═════ Data to use

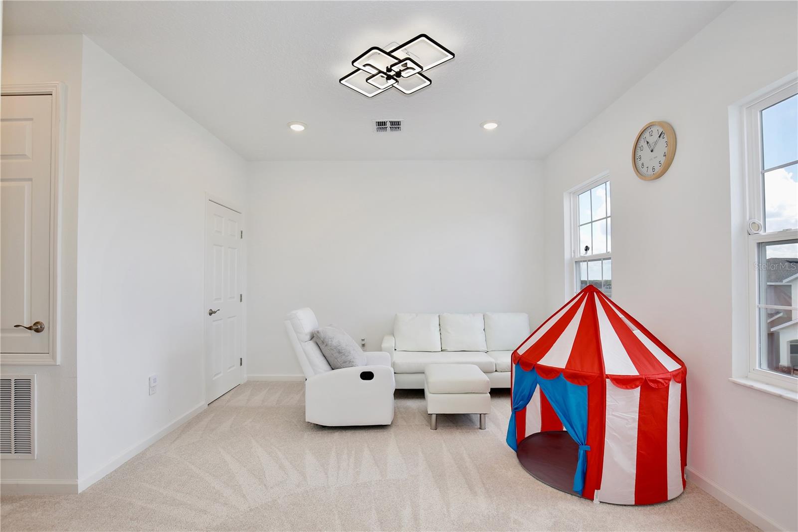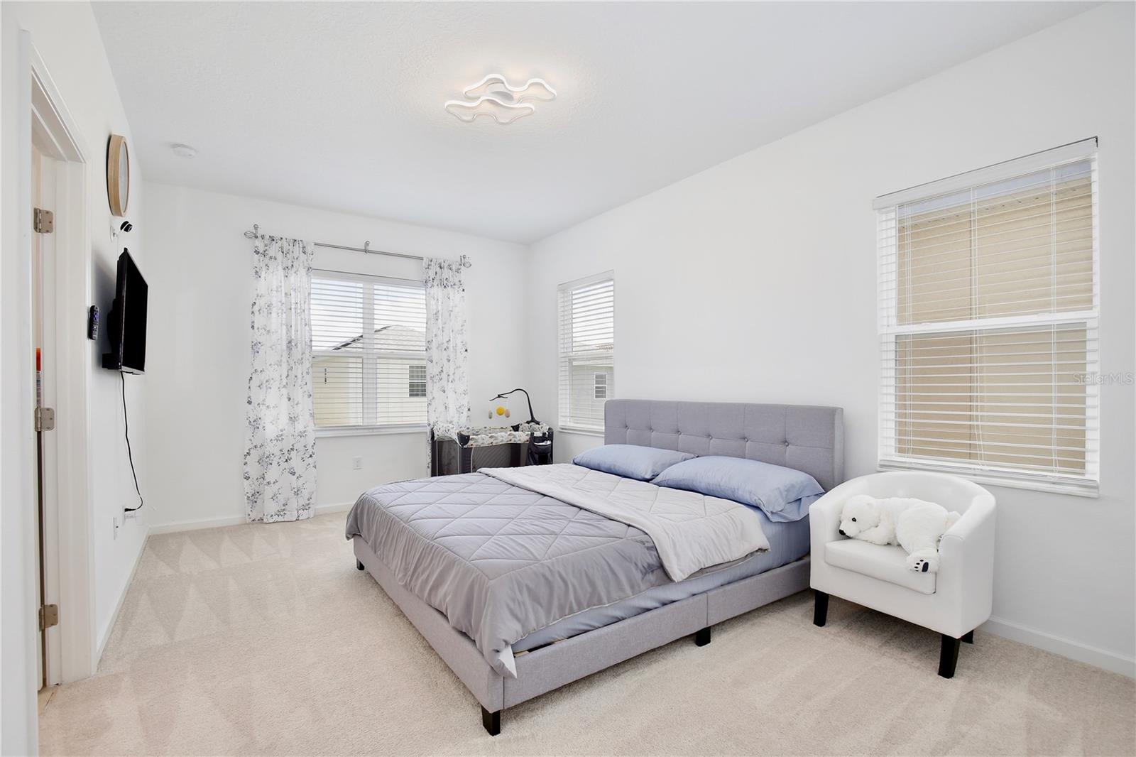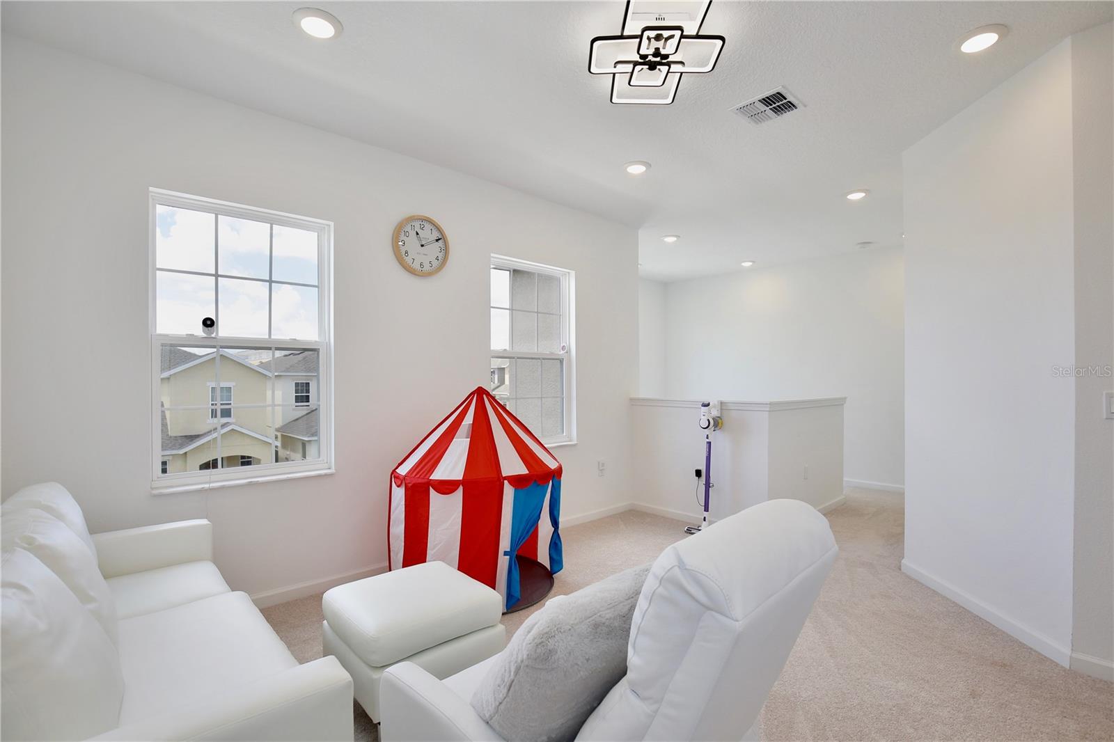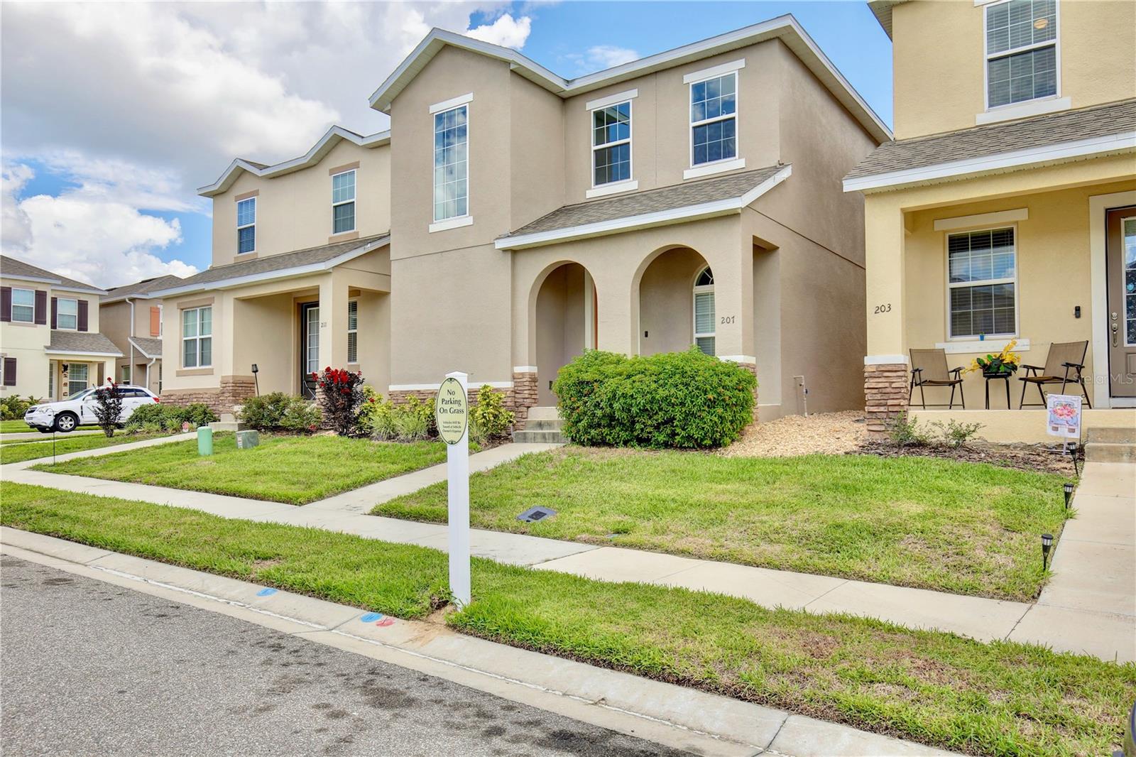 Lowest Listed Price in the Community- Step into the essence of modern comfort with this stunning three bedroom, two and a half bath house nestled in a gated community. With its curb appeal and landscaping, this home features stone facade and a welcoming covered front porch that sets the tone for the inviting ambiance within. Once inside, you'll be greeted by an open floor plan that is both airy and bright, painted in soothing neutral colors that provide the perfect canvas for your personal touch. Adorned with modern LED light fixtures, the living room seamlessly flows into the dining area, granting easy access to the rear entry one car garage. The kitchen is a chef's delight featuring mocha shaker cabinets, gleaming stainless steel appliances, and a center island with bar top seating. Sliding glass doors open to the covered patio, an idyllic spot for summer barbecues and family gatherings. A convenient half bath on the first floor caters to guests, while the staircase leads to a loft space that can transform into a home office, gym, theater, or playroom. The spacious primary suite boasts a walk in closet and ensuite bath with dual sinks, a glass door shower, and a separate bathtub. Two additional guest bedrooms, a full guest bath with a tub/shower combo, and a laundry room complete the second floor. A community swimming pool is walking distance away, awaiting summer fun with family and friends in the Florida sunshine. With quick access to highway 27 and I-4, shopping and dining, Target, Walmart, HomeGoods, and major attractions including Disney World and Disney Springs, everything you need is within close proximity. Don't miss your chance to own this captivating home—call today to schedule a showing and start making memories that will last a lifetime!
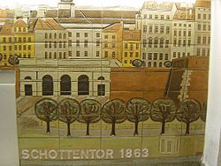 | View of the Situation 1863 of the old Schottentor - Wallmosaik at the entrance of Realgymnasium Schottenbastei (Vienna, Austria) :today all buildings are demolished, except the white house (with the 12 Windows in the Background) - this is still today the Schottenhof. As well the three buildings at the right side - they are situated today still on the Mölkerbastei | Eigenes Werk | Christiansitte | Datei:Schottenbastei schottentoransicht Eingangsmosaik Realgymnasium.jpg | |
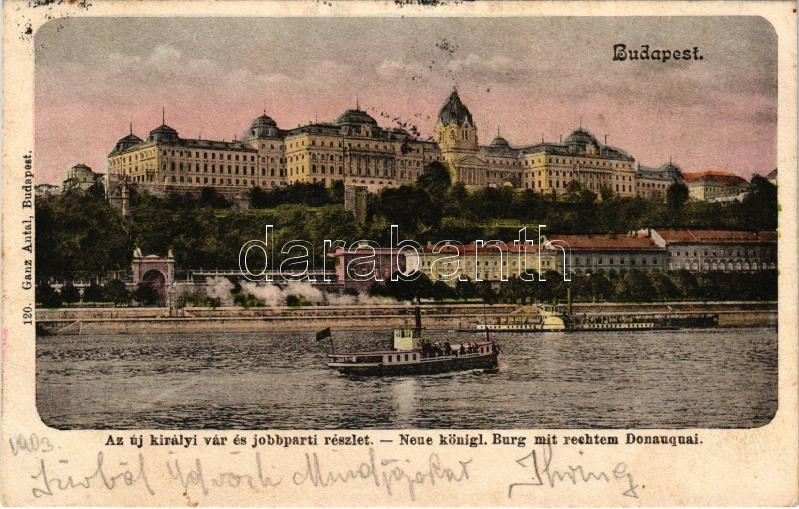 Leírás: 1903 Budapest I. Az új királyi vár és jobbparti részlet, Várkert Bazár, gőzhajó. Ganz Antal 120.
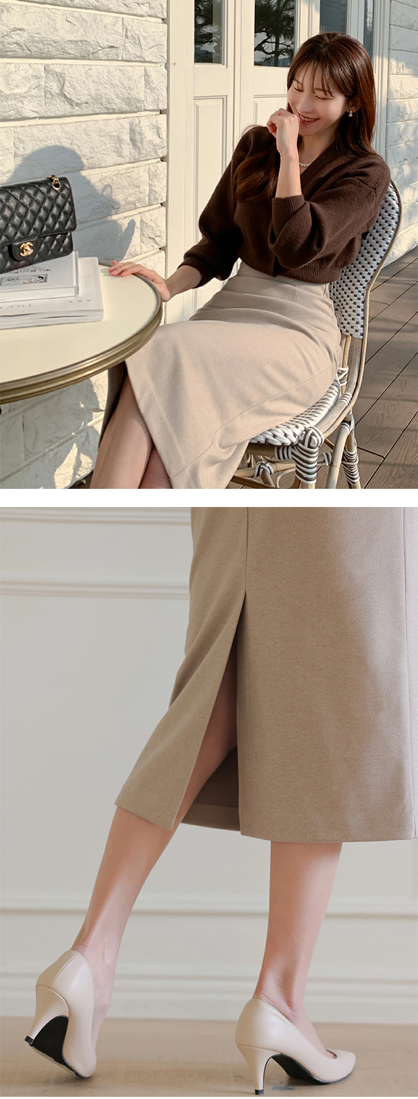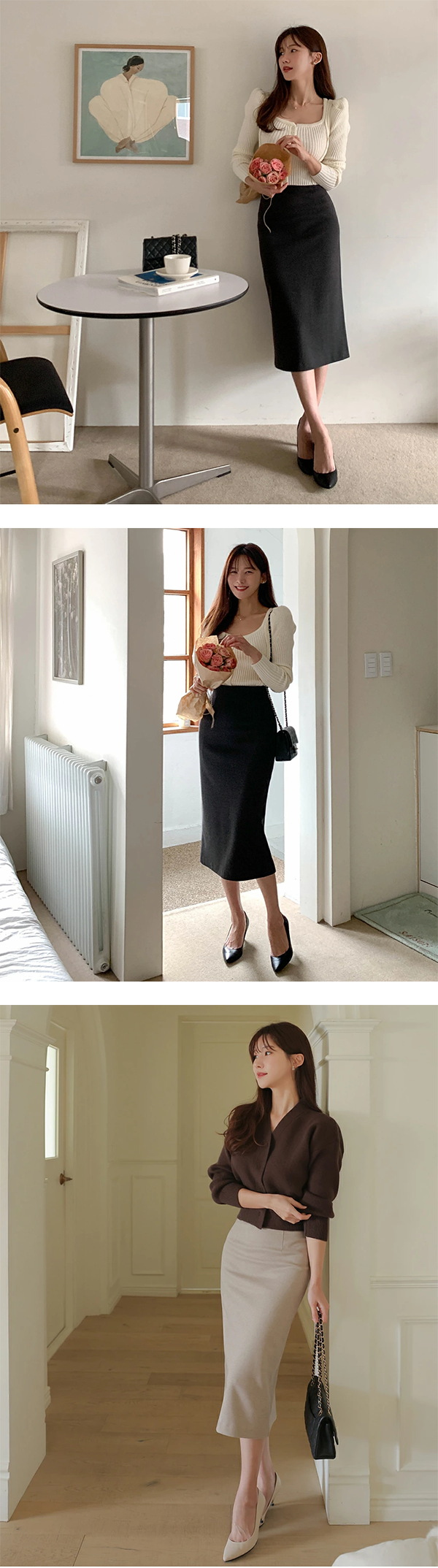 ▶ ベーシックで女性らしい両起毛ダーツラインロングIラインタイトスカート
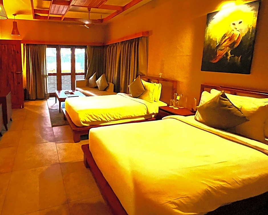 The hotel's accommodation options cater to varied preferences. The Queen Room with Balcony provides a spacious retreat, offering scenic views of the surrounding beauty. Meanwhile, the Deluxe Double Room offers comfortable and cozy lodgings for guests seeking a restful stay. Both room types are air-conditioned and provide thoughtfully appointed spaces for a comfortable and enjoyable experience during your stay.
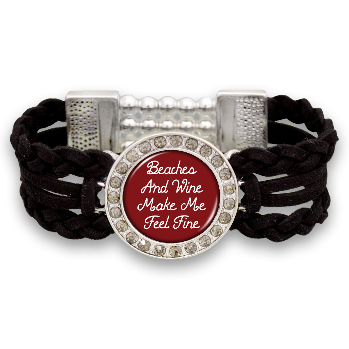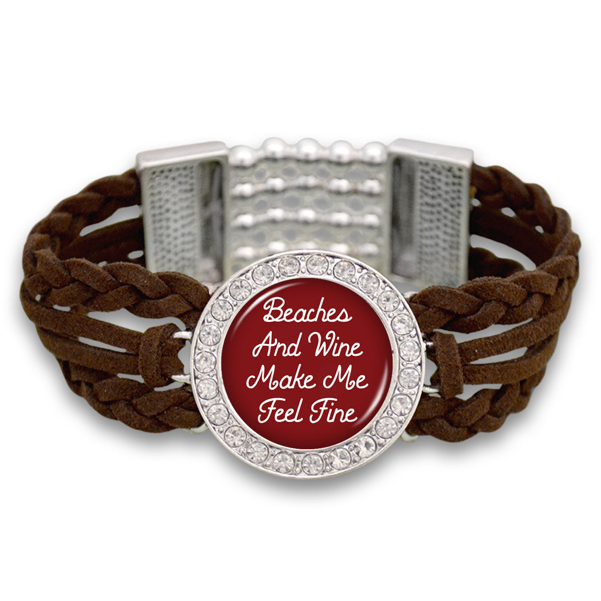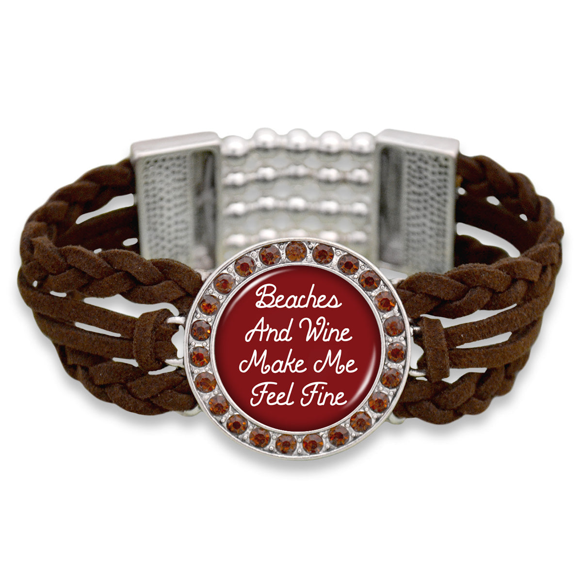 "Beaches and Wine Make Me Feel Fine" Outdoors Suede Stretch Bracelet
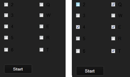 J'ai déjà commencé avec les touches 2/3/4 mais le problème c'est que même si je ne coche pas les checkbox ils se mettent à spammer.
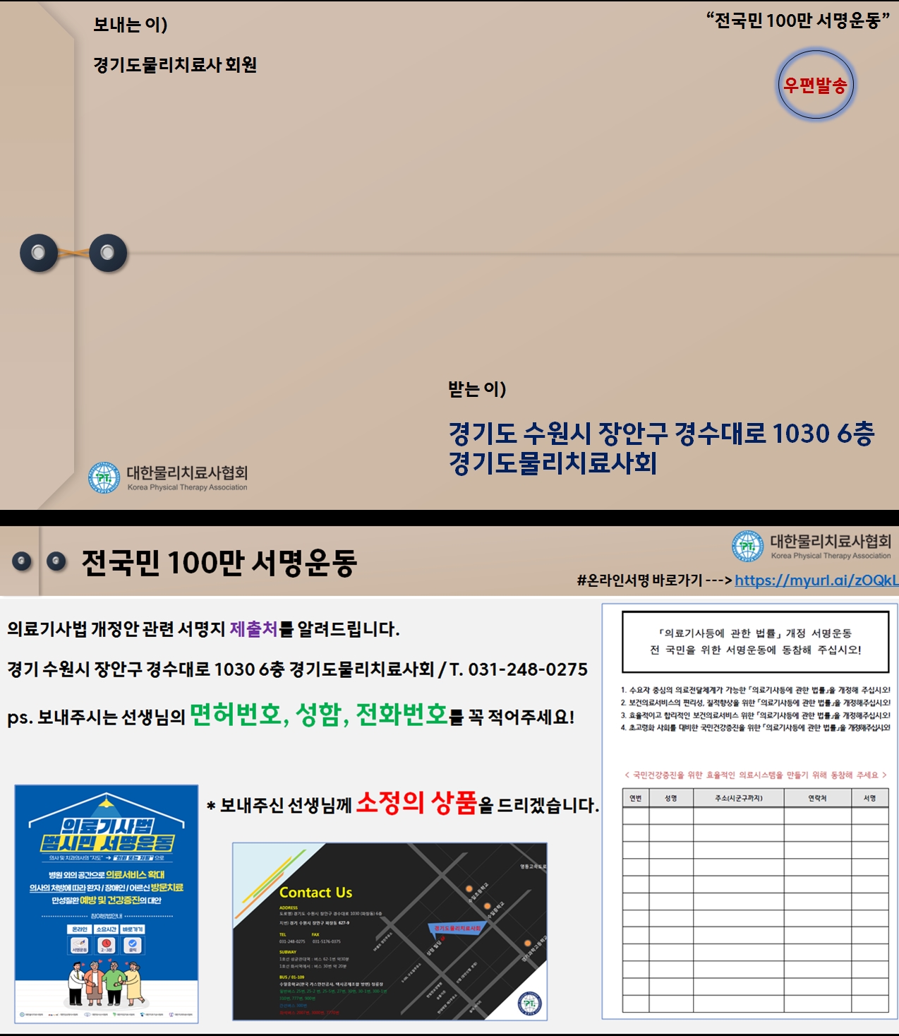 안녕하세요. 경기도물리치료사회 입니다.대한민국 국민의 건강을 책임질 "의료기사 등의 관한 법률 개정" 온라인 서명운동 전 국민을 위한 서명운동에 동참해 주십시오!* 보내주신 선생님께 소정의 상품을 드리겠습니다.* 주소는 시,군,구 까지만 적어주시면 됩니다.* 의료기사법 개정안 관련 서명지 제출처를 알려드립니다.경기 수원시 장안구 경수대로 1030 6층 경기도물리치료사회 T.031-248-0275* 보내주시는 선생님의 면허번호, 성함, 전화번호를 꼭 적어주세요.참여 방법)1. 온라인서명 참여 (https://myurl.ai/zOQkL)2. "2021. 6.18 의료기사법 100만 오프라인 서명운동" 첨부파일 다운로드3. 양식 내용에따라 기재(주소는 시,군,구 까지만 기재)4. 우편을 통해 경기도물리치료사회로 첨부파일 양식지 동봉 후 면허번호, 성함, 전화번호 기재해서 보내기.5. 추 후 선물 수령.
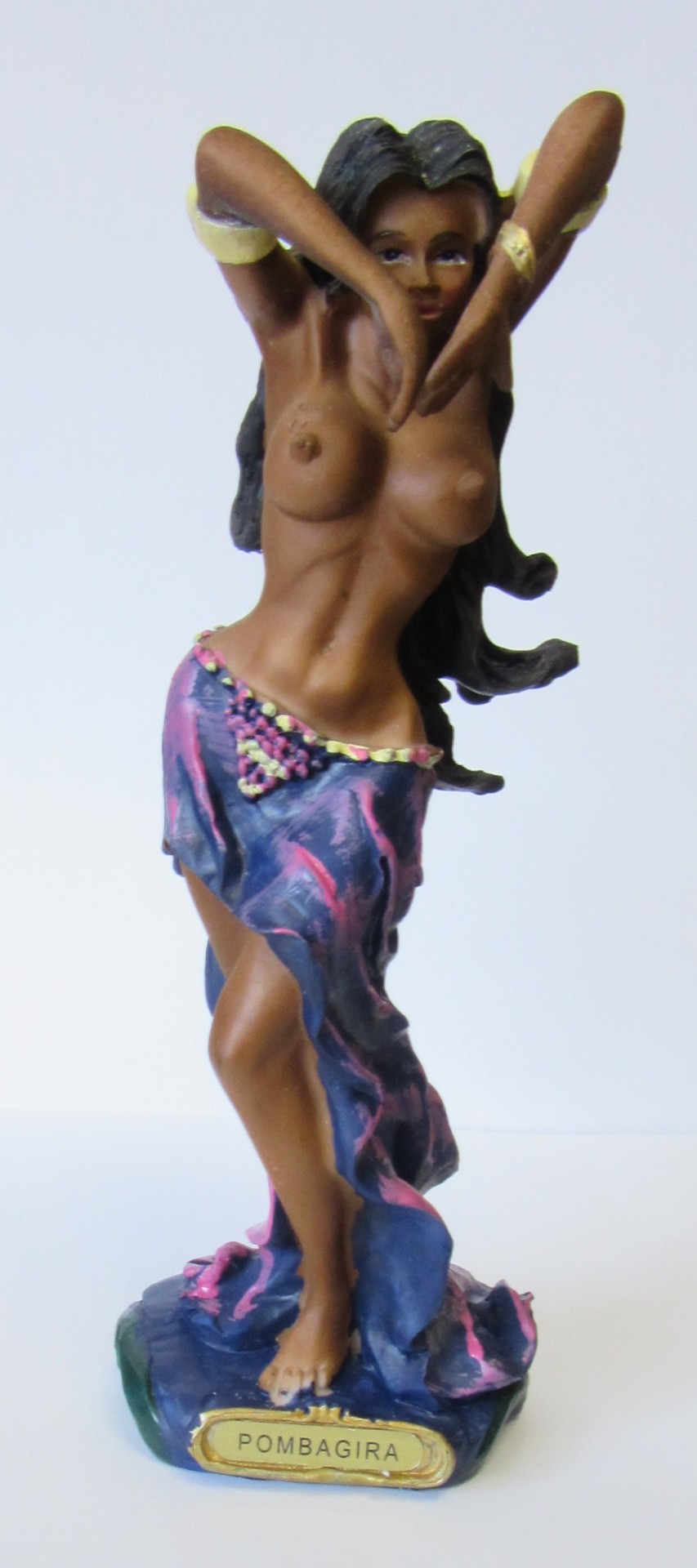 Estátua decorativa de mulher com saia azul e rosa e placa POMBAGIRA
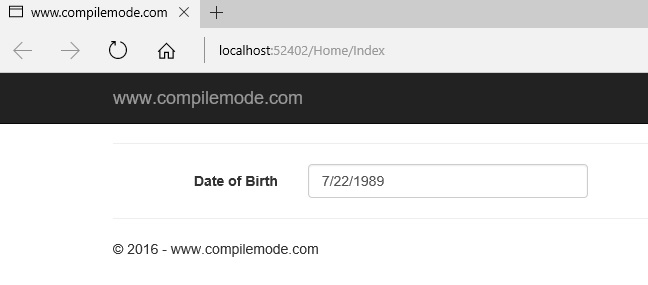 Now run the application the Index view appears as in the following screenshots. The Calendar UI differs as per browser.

══════════

> What the task asks
Nothing but the pictures may be dropped; output the records above exactly.

> Answer to the exercise
 Lowest Listed Price in the Community- Step into the essence of modern comfort with this stunning three bedroom, two and a half bath house nestled in a gated community. With its curb appeal and landscaping, this home features stone facade and a welcoming covered front porch that sets the tone for the inviting ambiance within. Once inside, you'll be greeted by an open floor plan that is both airy and bright, painted in soothing neutral colors that provide the perfect canvas for your personal touch. Adorned with modern LED light fixtures, the living room seamlessly flows into the dining area, granting easy access to the rear entry one car garage. The kitchen is a chef's delight featuring mocha shaker cabinets, gleaming stainless steel appliances, and a center island with bar top seating. Sliding glass doors open to the covered patio, an idyllic spot for summer barbecues and family gatherings. A convenient half bath on the first floor caters to guests, while the staircase leads to a loft space that can transform into a home office, gym, theater, or playroom. The spacious primary suite boasts a walk in closet and ensuite bath with dual sinks, a glass door shower, and a separate bathtub. Two additional guest bedrooms, a full guest bath with a tub/shower combo, and a laundry room complete the second floor. A community swimming pool is walking distance away, awaiting summer fun with family and friends in the Florida sunshine. With quick access to highway 27 and I-4, shopping and dining, Target, Walmart, HomeGoods, and major attractions including Disney World and Disney Springs, everything you need is within close proximity. Don't miss your chance to own this captivating home—call today to schedule a showing and start making memories that will last a lifetime!
 | View of the Situation 1863 of the old Schottentor - Wallmosaik at the entrance of Realgymnasium Schottenbastei (Vienna, Austria) :today all buildings are demolished, except the white house (with the 12 Windows in the Background) - this is still today the Schottenhof. As well the three buildings at the right side - they are situated today still on the Mölkerbastei | Eigenes Werk | Christiansitte | Datei:Schottenbastei schottentoransicht Eingangsmosaik Realgymnasium.jpg | |
 Leírás: 1903 Budapest I. Az új királyi vár és jobbparti részlet, Várkert Bazár, gőzhajó. Ganz Antal 120.
 ▶ ベーシックで女性らしい両起毛ダーツラインロングIラインタイトスカート
 The hotel's accommodation options cater to varied preferences. The Queen Room with Balcony provides a spacious retreat, offering scenic views of the surrounding beauty. Meanwhile, the Deluxe Double Room offers comfortable and cozy lodgings for guests seeking a restful stay. Both room types are air-conditioned and provide thoughtfully appointed spaces for a comfortable and enjoyable experience during your stay.
 "Beaches and Wine Make Me Feel Fine" Outdoors Suede Stretch Bracelet
 J'ai déjà commencé avec les touches 2/3/4 mais le problème c'est que même si je ne coche pas les checkbox ils se mettent à spammer.
 안녕하세요. 경기도물리치료사회 입니다.대한민국 국민의 건강을 책임질 "의료기사 등의 관한 법률 개정" 온라인 서명운동 전 국민을 위한 서명운동에 동참해 주십시오!* 보내주신 선생님께 소정의 상품을 드리겠습니다.* 주소는 시,군,구 까지만 적어주시면 됩니다.* 의료기사법 개정안 관련 서명지 제출처를 알려드립니다.경기 수원시 장안구 경수대로 1030 6층 경기도물리치료사회 T.031-248-0275* 보내주시는 선생님의 면허번호, 성함, 전화번호를 꼭 적어주세요.참여 방법)1. 온라인서명 참여 (https://myurl.ai/zOQkL)2. "2021. 6.18 의료기사법 100만 오프라인 서명운동" 첨부파일 다운로드3. 양식 내용에따라 기재(주소는 시,군,구 까지만 기재)4. 우편을 통해 경기도물리치료사회로 첨부파일 양식지 동봉 후 면허번호, 성함, 전화번호 기재해서 보내기.5. 추 후 선물 수령.
 Estátua decorativa de mulher com saia azul e rosa e placa POMBAGIRA
 Now run the application the Index view appears as in the following screenshots. The Calendar UI differs as per browser.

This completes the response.